According to the worst scenario, the global economy and trade are projected to down dramatically while Vietnamese public debt and budget overspending are assumed to keep increasing. Risks of this scenario also are posed by Vietnam’s rely on the old growth modelamidst fiercer competition. These factors together are assessed to hinder the growth of Vietnamese economy at 6.2 percent on average.
The most likely scenario assumes that global economic growth remains stable, at about 3 percent, while State investment’s disbursement and effectiveness continue to be improved, and legal procedures and investment climate get better. In such context, the country’s average economic growth is estimated at 6.55 percent a year.
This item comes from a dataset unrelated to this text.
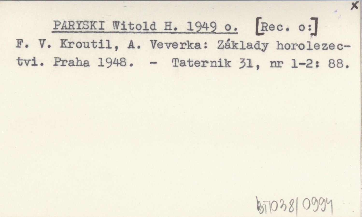 PARYSKI Witold H. 1949 o F. V. Kroutil, A. Veverka: Základy horolezectvi. Praha 1948.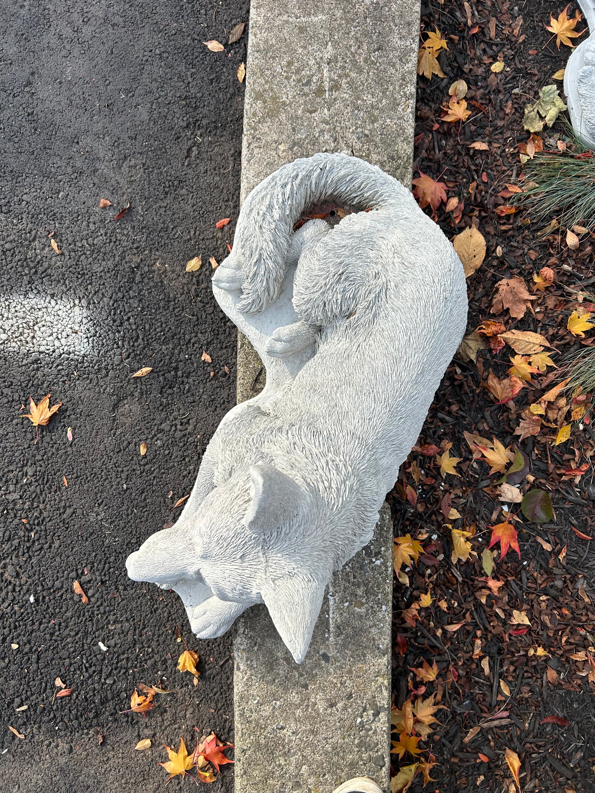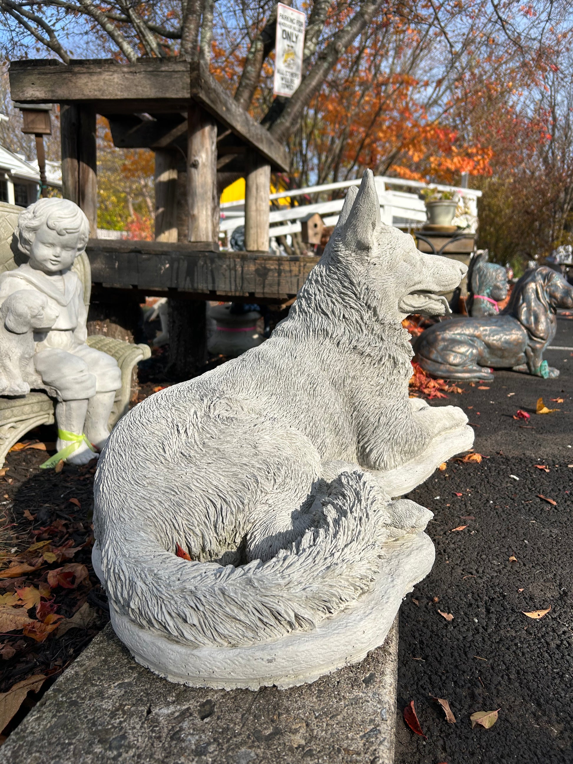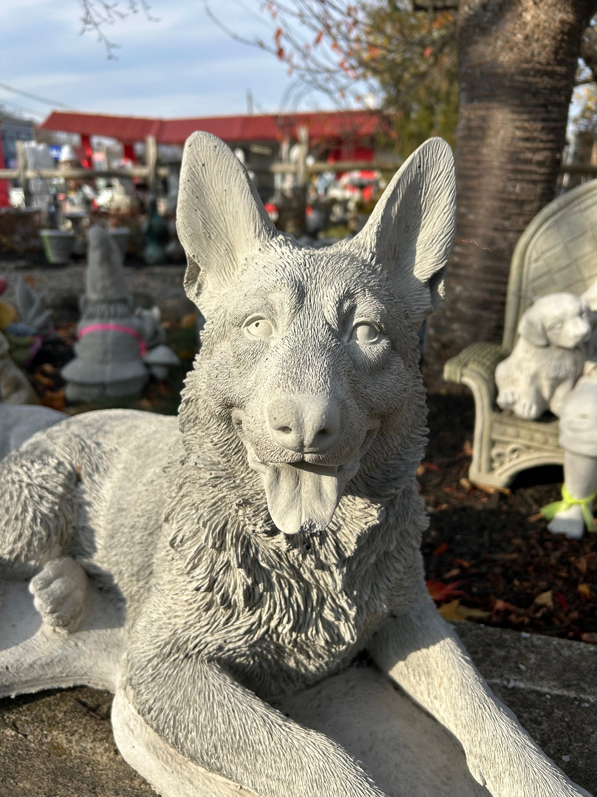Large German Shepard concrete statue that is in a lying position. Perfect for the garden or homes with German Shepard families.

In the high-growth scenario, which is more unlikely than the two others, annual GDP growth will average 6.85 percent during the period provided that economic restructuring is carried out more strongly, especially in management mechanisms, thus improving public investment’s effectiveness, and labor productivity is raised to be at par with the ASEAN average. In that case, the economy would not only maintain sustainable development, but also create prerequisites for the following five years.
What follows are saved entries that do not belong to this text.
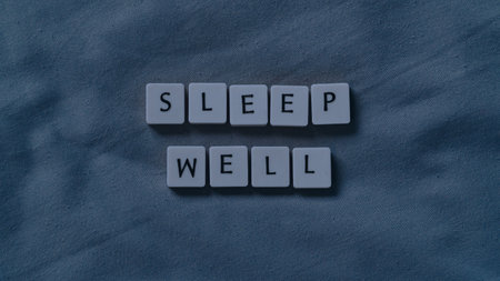 Sleep well words on a soft bed sheet. Sleep health concept. Copy space for text
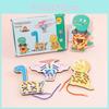 Wooden Dinosaur Animal Rope Threading Board Children Early Education Puzzle Toys
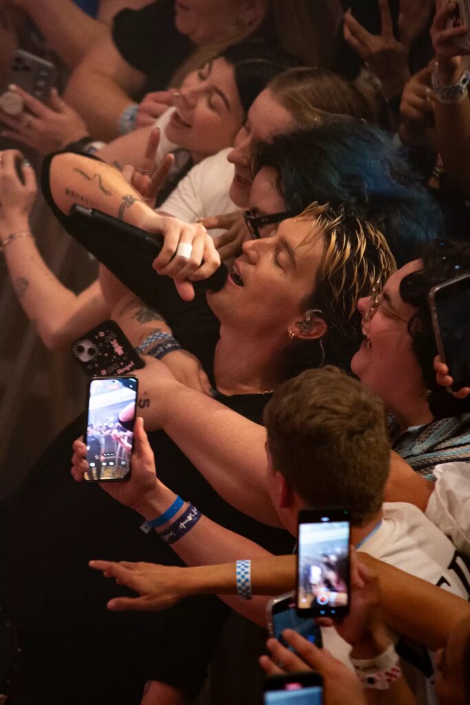 It’s impossible not to be pulled into the energy of a LANY concert and Paul Jason Klein is all about the fans. He spent the night reaching out, leaning into the crowd for hugs, and even made his way up to the first-floor balcony, where fans swarmed to catch a quick selfie or video. At one point, different fans handed him a pink high-vis jacket, a hat, and some sunglasses, and he wore them onstage, which made everyone cheer even louder. It felt so spontaneous and real—like he was just as excited to be there as we were.

Mr. Dang Duc Anh, Head of Analysis and Forecast division under the NCIF, said that Vietnam’s economy is predicted to escape from recession and begin a new period of recovery in 2016-2020.
He also forecast that the industry and construction sector would enjoy robust growth and become the main recovery engines for the whole economy. Meanwhile, the services sector will benefit from positive impacts of the ASEAN Community’s commitments and free trade agreements, with stronger consumption demand and trade promotion activities, Mr. Dang Duc Anh added.